ESS is one of the methods to transfer energy from the electrical power system into various applications [4]. The ESS has been expected to bring benefits to market and system while stabilizing the electric market price, freeing the volatility by renewable energy, avoiding transmission congestion charges, and allowing a market-driven electricity dispatch through customer’s market participation [5]. However, there are a few countries that have set specific regulations or operating rules of the ESS in the electricity markets.
Some reports discussed possible services of the ESS as power generation, transmission and distribution (T&D) assets [6,7,8]. The main applications of the ESS can be grouped as balancing variable renewable generation and increasing the reliability and asset utilization of the grid. From a large-scale bulk storage to a substation storage and a distributed energy storage, detailed applications and their relevant operational goals in the system were analyzed [5,6]. Those applications were assessed in terms of size, duration, cycles and lifetime considering requirements for their necessity in industry and market.
When the ESS has cost-effectiveness to replace some part of the conventional T&D infrastructure in order to meet growing peak demand and reserve margin, it will get more importance in a position to respond during periods of high prices and operate within seconds to minutes of a signal in electricity market [7,9,10]. Therefore, it has been also discussed how to solve not only the barriers in market rules and regulation, but also technological penetration and economic viability [9]. Some studies argued with the number of challenges to restrict its deployment to different applications for electric supply and ancillary services for electricity wholesale market, renewable integration to the grid system for utility system and many others for end-users [11,12].
For the purpose of energy system planning and operation, it is required to get more accurate forecasts of intermittent renewable energy resources while distributed energy resources (DER) are increasing in the grid system [13]. Energy planning based on short-term to long-term forecasting is utilized to maintain the reliability of the power system and the efficient system operation. According to the forecast horizon which means the amount of time between the actual time and the effective time of prediction, forecasting models can be divided into the following: very-short-term (1 minute–a few minutes), short-term (1 hour–1 week), mid-term (1 month–1 year),and long-term (1–10 years) [14].

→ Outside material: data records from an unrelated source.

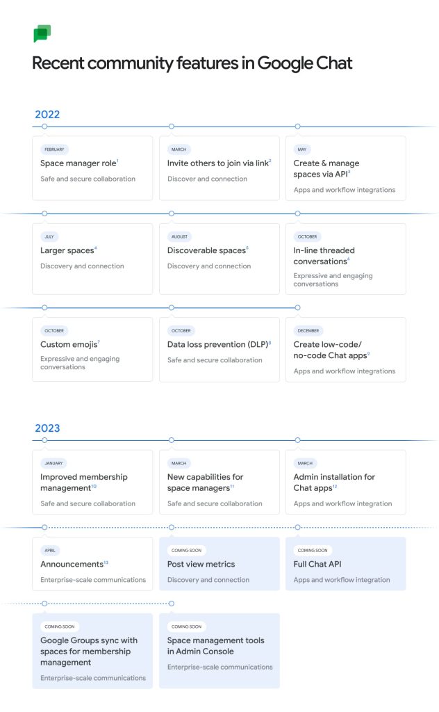 Meanwhile, the company reminded users yesterday that Google Currents (Google+ for businesses) is shutting down on July 5. Spaces, which support up to 8,000 people, in Google Chat are the intended replacement, with Google continuing its rollout of “community” features. This includes the ability to set a Space as an announcements channel. Other capabilities listed as “coming soon” include:
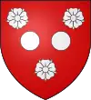 D'argent, au lion de gueules, à la fasce d'azur brochant sur le tout, chargée de trois roses d'argent.[8] |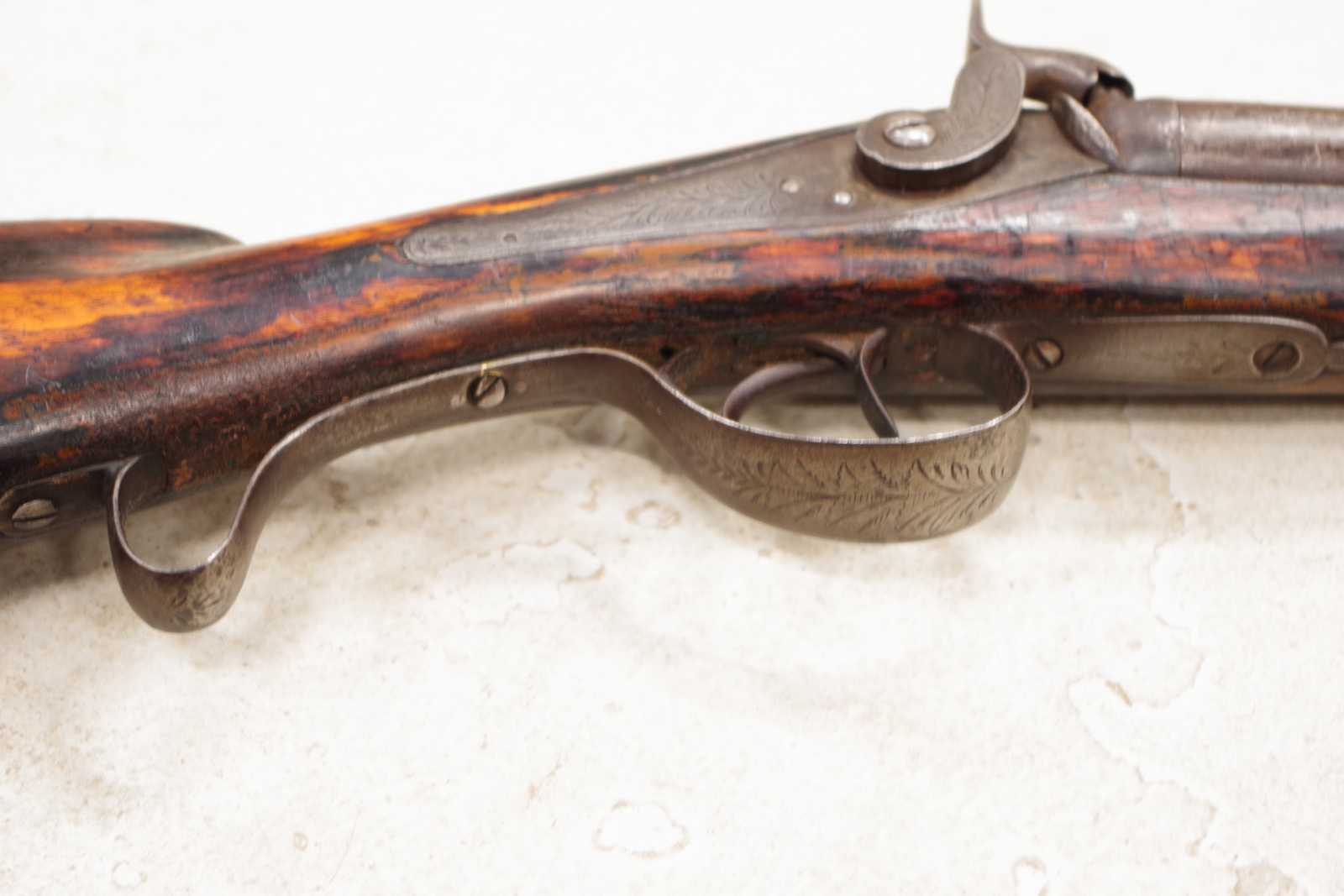 SLAGLÅSGEVÄR dubbelpipigt 1800-tal Graverade lås, upphak för båda piporna Licensfritt gevär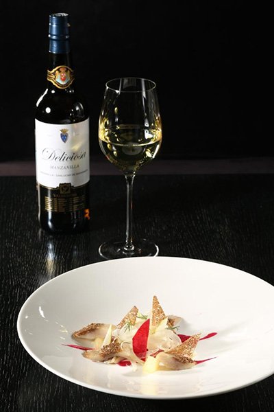 We recommend sherry wine for fish dishes such as sea bream ceviche with avocado and crispy black rice. We serve sweet sherry to desserts or separately.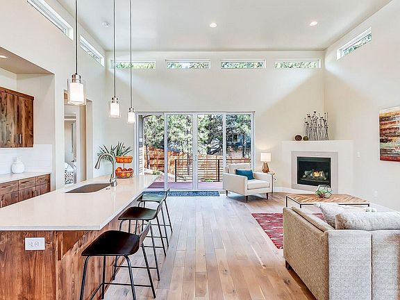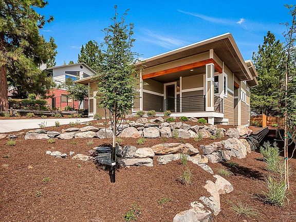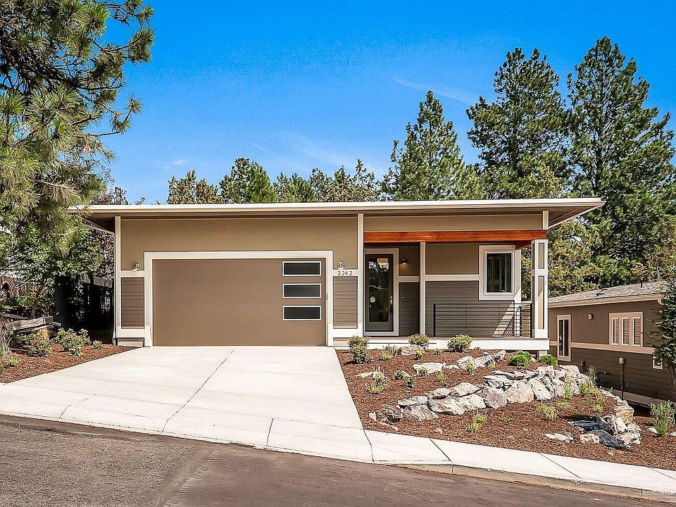 Stunning Arbor Builders new home in a quiet NW Bend neighborhood close to downtown Bend and the river trail. Home inspired by Frank Lloyd Wright's modern Usonian design. The spacious single level home features custom cabinets, hardwood floors, SS appliances, solid surface kitchen/bath counters, vaulted ceilings, separate office, and lots of natural light. Earth Advantage energy saving construction. Large Westside lot with large patio and backyard. The home has been recently completed.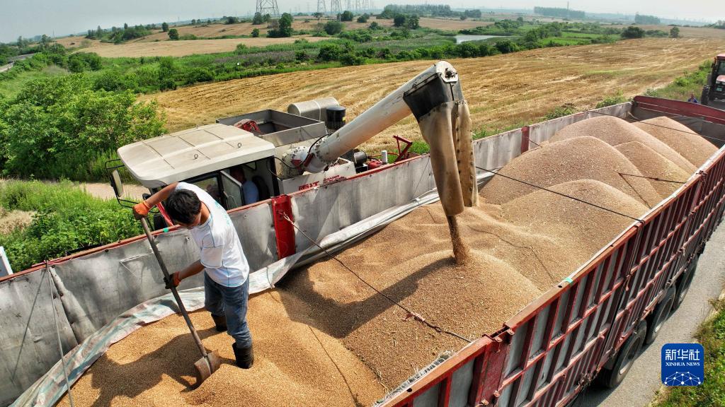 6月2日,在合肥市蜀山區小廟鎮段沖村,收割機將小麥裝車(無人機照片)。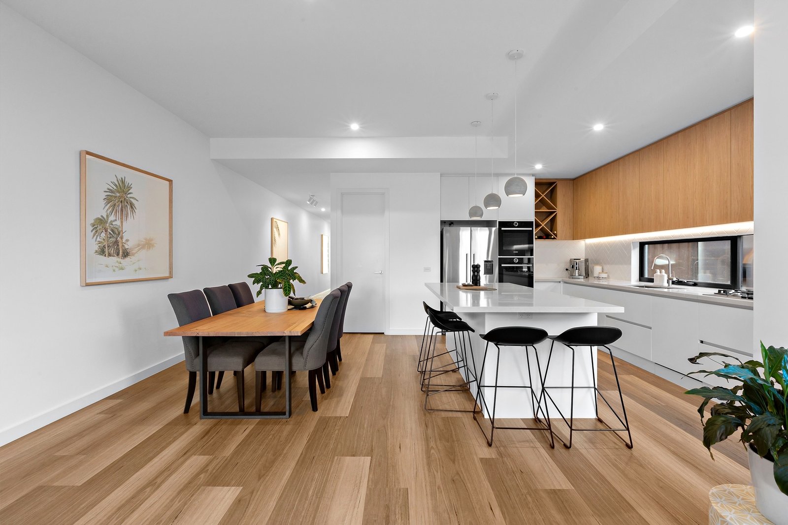 The epitome of coastal sophistication, this contemporary ‘as new’ four bedroom residence is poised for a coveted lifestyle steps from the village and the bay. Beyond the striking façade, discover a showstopper that’s perfectly designed for easy family living and entertaining, with meticulous attention to detail and the ultimate in luxury appointments. The sleek Bosch kitchen is a masterpiece with two pyrolytic ovens and an integrated dishwasher, walk-in pantry, stone island bench and window splashback; accompanied by a light infused open plan living and dining space. Seamlessly transitioning to an alfresco bluestone patio, you’ll love to host family and guests outdoors in the sunshine, surrounded by beautiful low-fuss gardens. All four bedrooms feature individual split systems - the elegant downstairs master retreat with ensuite, walk-in robe and private outdoor access - while three upstairs robed bedrooms share a sublime family bathroom with freestanding bath, and stylish second living zone. Every comfort is assured with underfloor heating to both bathrooms, two powder rooms, soft close and custom cabinetry, LED feature lighting, a water tank, solar panels, double auto garage and fabulous outdoor hot/cold shower. In a location that’s hard to beat; this stunning home is 250m approx. from the train station, and few steps further to cafes, shops, schools, reserves and glorious Seaford Beach.

The integrated system of the ESS with renewable energy can play an important role to mitigate the effects of the intermittent and uncertain energy sources when it is connected to the grid and decreases the loss of capacity and power fluctuation [11]. Hence, the integrated system can decrease the dependency of the electricity from the grid system and shift its use from the expensive peak period to the non-peak period to lower the electricity bill of the customer. This can be achieved by storing surplus power from the DER and using it to supply the electricity when the customer needs it.

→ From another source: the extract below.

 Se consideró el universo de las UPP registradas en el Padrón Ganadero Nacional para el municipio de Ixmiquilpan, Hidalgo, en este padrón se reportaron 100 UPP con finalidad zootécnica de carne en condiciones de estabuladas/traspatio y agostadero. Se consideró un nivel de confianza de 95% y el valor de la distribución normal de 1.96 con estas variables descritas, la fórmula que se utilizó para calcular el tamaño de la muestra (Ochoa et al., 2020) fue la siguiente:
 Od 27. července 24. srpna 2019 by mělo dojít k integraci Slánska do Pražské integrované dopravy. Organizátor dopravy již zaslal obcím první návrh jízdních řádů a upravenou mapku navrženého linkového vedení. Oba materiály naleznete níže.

From the perspective of the system operation, it is important to efficiently manage relevant elements from energy generation to consumption in the energy system. According to its system design, the system operator considers customer’s load, generation from renewable energy resources, and participation in the electricity market such as demand response and ancillary services and other types of incentives [6,7]. To find the economically optimal strategy, control of charging and discharging the ESS is managed to earn maximum profit from savings of electricity tariff and incentives from the market [15,16,17].
However, it is not easy to facilitate the roles of the ESS without understanding the characteristics of the battery and the battery management system (BMS) which controls charging and discharging power of the ESS. To set an appropriate management strategy, the technical performance of the ESS must be evaluated considering forecasting errors that occurred by changes of the customer’s load and intermittent characteristics of renewable energy and battery degradation. Among system-perspective studies, there are only a few to consider the impact of the battery degradation to the system which is caused by the accumulation of charging and discharging cycles [18]. Otherwise, it is not feasible to calculate an accurate performance based on an initial value of the state of health (SOH) [19].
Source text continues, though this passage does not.